I mean, okay, it’s kind of obvious, and I’m sure anyone from Texas is laughing at me right now, but I learned stuff.
Chili came into its own in San Antonio, TX, in the 1800s, with Tejana and Mexican women opening small chili stands. Then at the 1893 Columbian Exposition in Chicago, there was a “San Antonio Chili Stand,” and people outside Texas discovered it (at the same time they discovered the Ferris wheel, which doesn’t seem like a great combo).
Shortly afterward, “chili parlors,” usually with their own secret recipes, started opening outside of Texas, usually run by former Texans; this was made possible by the invention of chili powder.
Chili powder was allegedly invented by one of these guys (not sure which), a German immigrant to Texas named Willie Gebhart.
He had opened a cafe and loved using Mexican spices, but was frustrated that chili was only a seasonal dish because it relied on the pepper crop—so he figured out that he could dry them up and and the powder would keep for a few months.
I’m gonna say there’s a STRONG possibility that chili powder was first invented by a Tejana woman (or many) who never got the credit, but this is the guy who first packaged and marketed it, which allowed for chili parlors to spring up around the country.
Bon Voyage
I’ll end with the fact that while there are many children’s books and adult biographies about Bessie Coleman, I can’t find a literary novel about her. Someone ought to write one, please.
I can’t get over that she did all that before she DIED AT 34.
Not to be competitive or anything, but my Great Uncle Robert Sanford Olmsted was an aviator and a balloonist with several aeronautical patents to his name.

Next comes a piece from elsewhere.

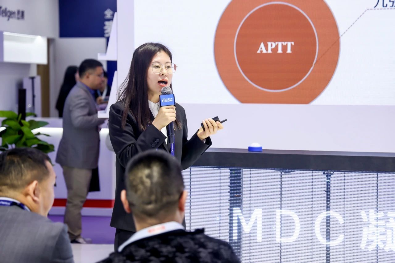 九強生物產(chǎn)品經(jīng)理劉云婷女士對MDC凝血家族進行了非常詳細的介紹與講解。高精度的凝血分析儀及流水線搭配靈敏的試劑,能夠快速、精準地剖析樣本,大大提升檢測效率。

In the middle of the Gordon Bennett Cup, flying over the Netherlands in 1923, his balloon was struck by lightning and along with his co-pilot, he plummeted to his death. I have always wanted to write a literary novel about him, imagining how he would have been the toast of Paris during the war, so full of young widows. And now it occurs to me that he could have well staying in Europe because he fell in love with a black aviatrix. Why not?
(This is one of the reasons I so love the post-war timeline in The Great Believers.)